Last week, Jason Kenney’s new provincial government announced it would roll the 3.71 million barrel a day June production limit into July. That production level seems to finally be doing what the curtailment program was designed to achieve: alleviate a glut caused by too much oil encountering too few pipelines. It also has strengthened prices to a point that makes crude by rail exports worth the cost.

“Certainly, it appears, at this point, you do have a widening differential scenario that’s more supportive of rail,” Kevin Birn, IHS Markit’s director of North American crude oil markets, said by phone.

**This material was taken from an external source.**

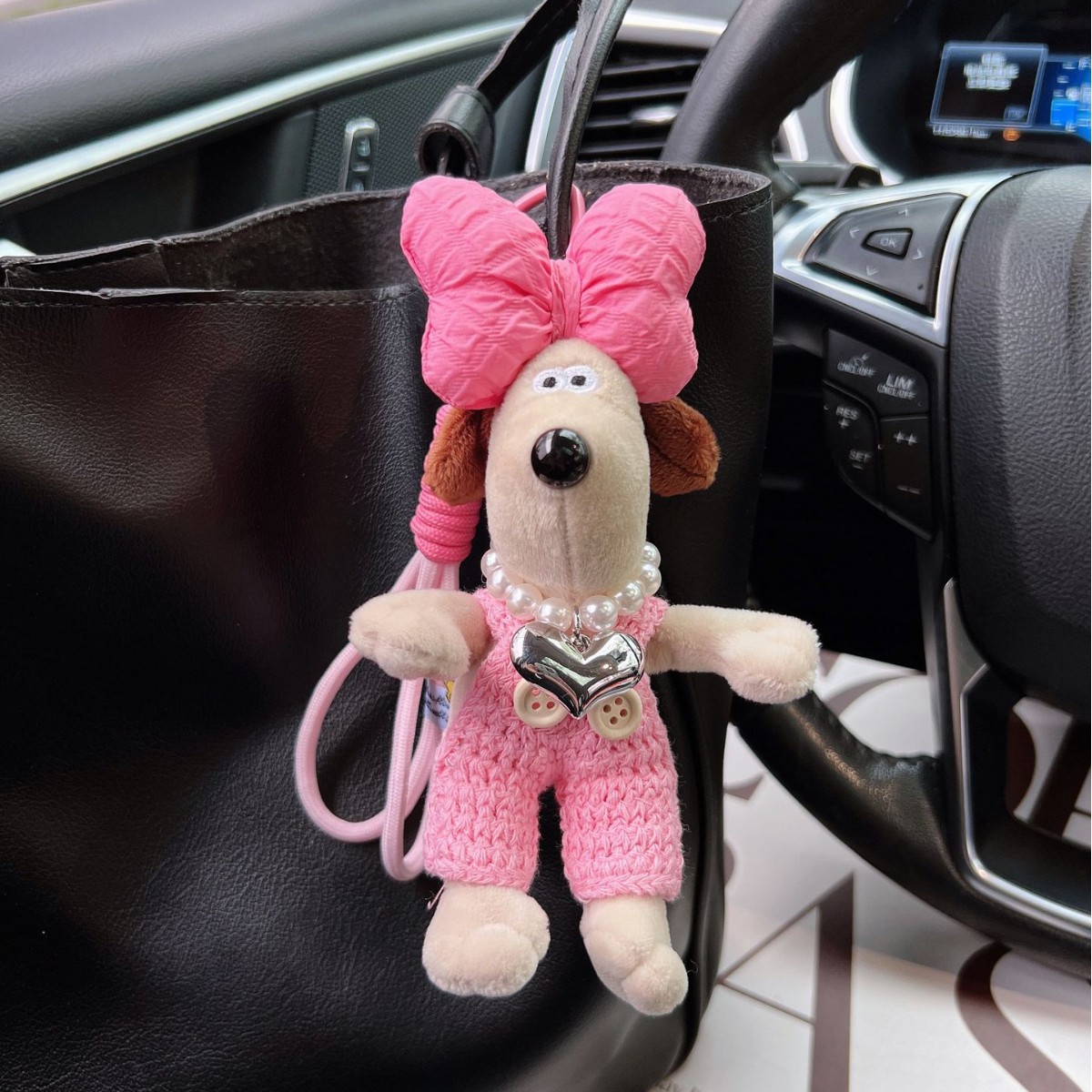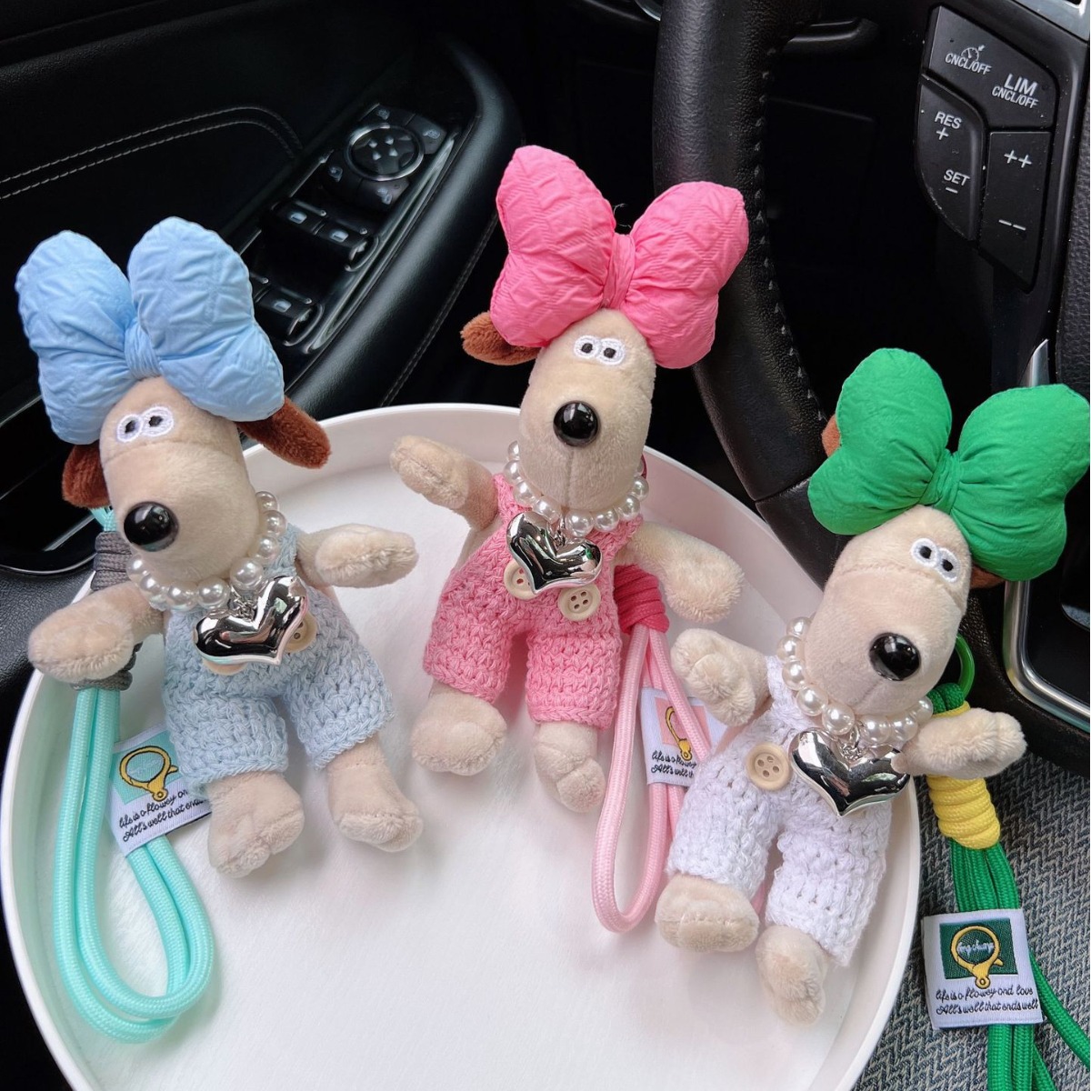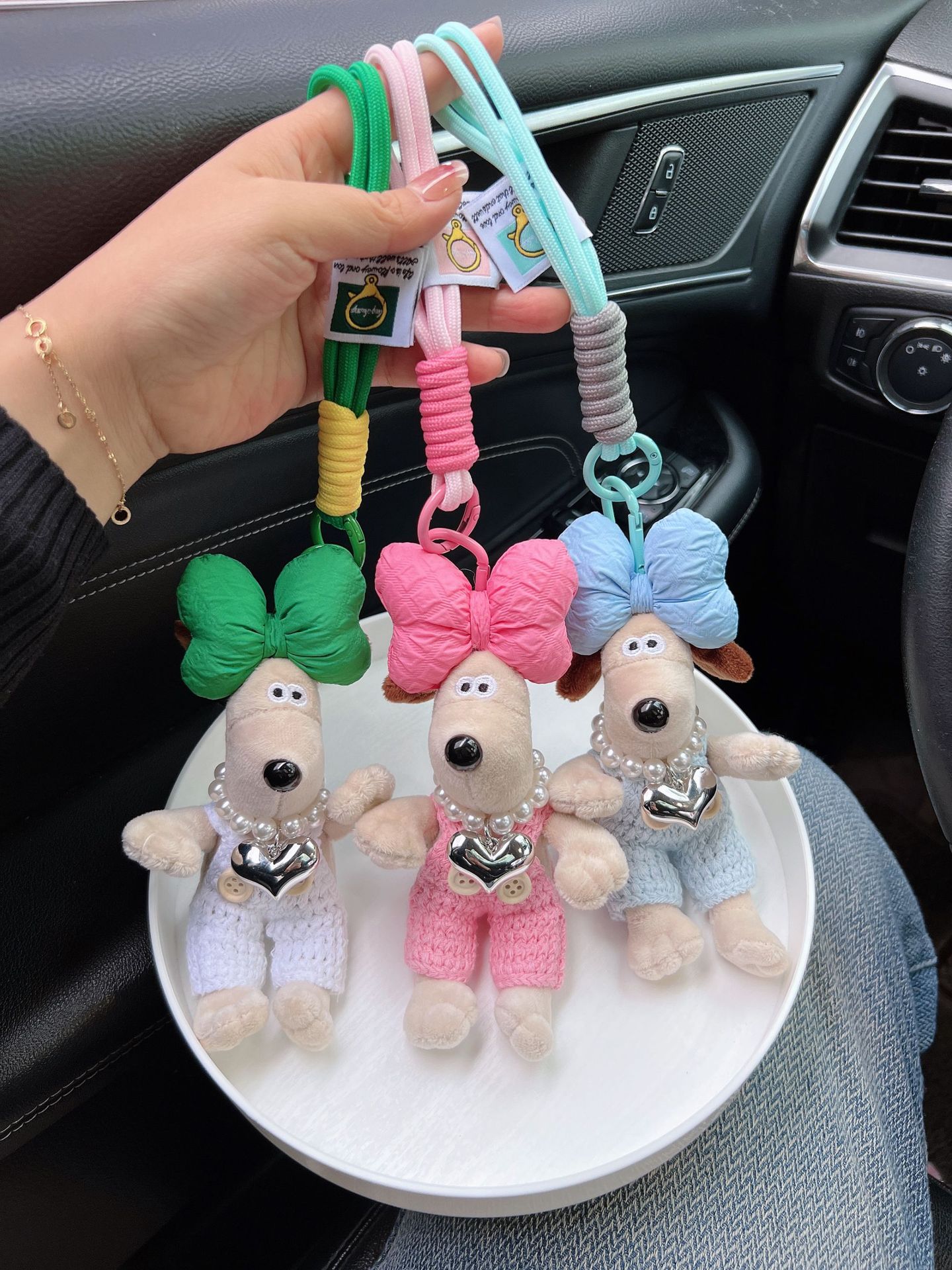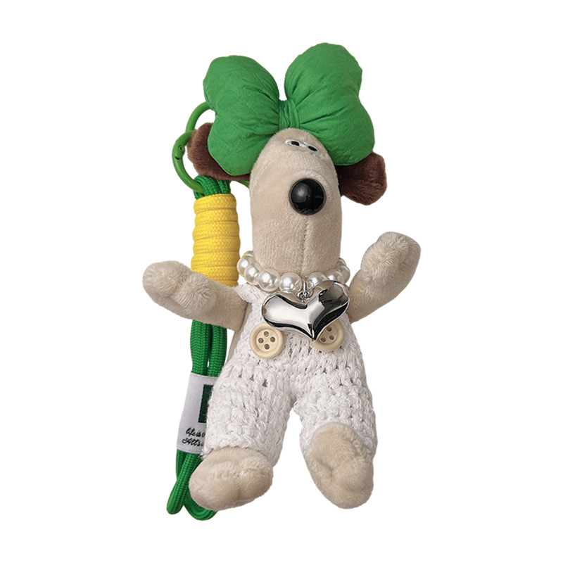 可爱棉绳毛线掌门狗钥匙扣珍珠爱心项链狗狗玩偶情侣钥匙扣背包扣

The province’s previous government under former Premier Rachel Notley announced the curtailment program in December after export pipelines filled to capacity and local oil prices collapsed. The 3.56 million barrel a day limit set by the government for January was equivalent to a 325,000 barrel a day cut for the province’s largest producers.

Prices surged so much after the announcement that it became unworkable to ship crude by rail. After a brief decline, inventories began to rise again and reached a record at the end of April, according to Genscape.

The government has been relaxing the production limits since January. As output increased, Western Canadian Select’s discount to New York futures widened from about $8 a barrel in early April to US$17 a barrel at the end of May, before narrowing to over $14 after wildfires prompted the shutdown of some heavy oil production.

Heavy Canadian crude’s discount to West Texas Intermediate is set widen to greater than $20 a barrel through the second half of the year and into 2020 as the curtailments are relaxed, Rory Johnston, commodity economist at Scotiabank, said in a video presentation last month. That discount would still provide enough incentive for crude-by-rail shipments.

To be sure, some oil sands production that was down for maintenance started to come back online in May so the widening discount for Canadian heavy crude isn’t surprising and “it’s hard to gauge” success off one month, Birn said. Inventories are still too high making for a “very fragile market,” he said. Production limits will have to continue to be raised as rail ramps up.

“The test is really going to be in the fall,” he said. “Is the rail capacity going to be in the market?”